As long as we keep thinking about our meals in "traditional" meat and potato terms - big slab of protein, grain, side salad and a limp little veggie on the side, so we can get to the big dessert - we'll be baffled by the challenge of eating enough fruits and vegetables.
The trick is to commpletely re-examine our definition. For me and my FitFam.com clients, the salad is the meal. Not a puny "lettuce with a couple of old shredded carrots, a tomato made of styrofoam and a pitted olive" salad like you find at many restaurants, but a huge honking salad, complete with beans, nuts, seeds, fresh and dried fruit, chopped vegetables, and an absolutely amazing dressing.
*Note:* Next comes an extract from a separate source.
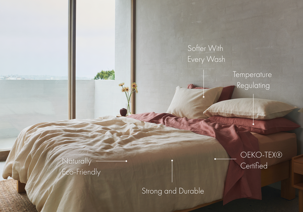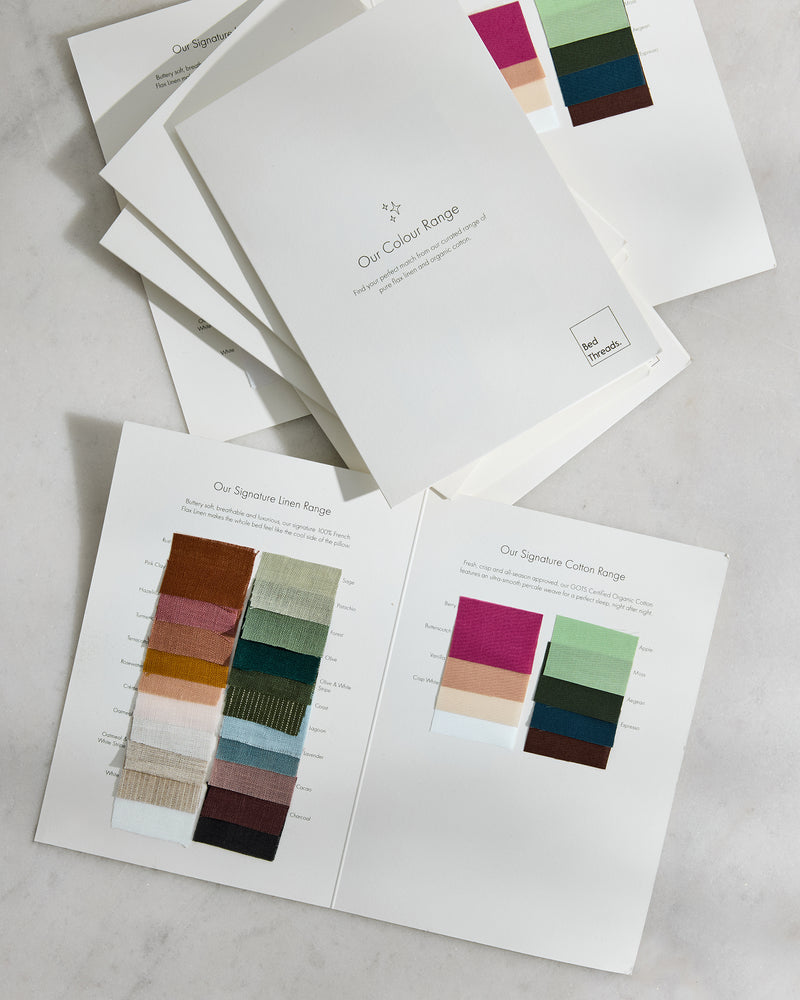 Undecided? We’ll send you a swatch card, that features all of our colors, for free to make your decision simpler. Find your perfect match from our curated range of pure flax linen and organic cotton while visualizing our 20+ luxuriously rich colorways in your own space. Our swatch cards make it easy to compare our range of hues to your existing interiors and create the space of your dreams.

The same salad serves as a filling for a lunch wrap or pocket if you're brown-bagging.
For breakfast, we often go for green smoothies: water or almond milk, a banana, flax meal, pitted dates, fresh or frozen spinach, fresh or frozen berries, and maybe a carrot, cilantro or cucumber. (Check out http://www.FitFam.com TV for a green smoothie video that will blow your socks off - or at least curl down the tops.)
The evidence supporting a whole-foods, plant-based diet is overwhelming. The Health Ranger is right about the corporate, academic and government conspiracy to keep the public confused and jaded. Just read T. Colin Campbell's The China Study for a first-hand account of these shenanigans by the most prominent nutritional researcher of our time.
Like the Health Ranger, we can all develop our own "street cred" by trying a whole-foods, plant-based diet for 21 days. I guarantee, you'll never go back.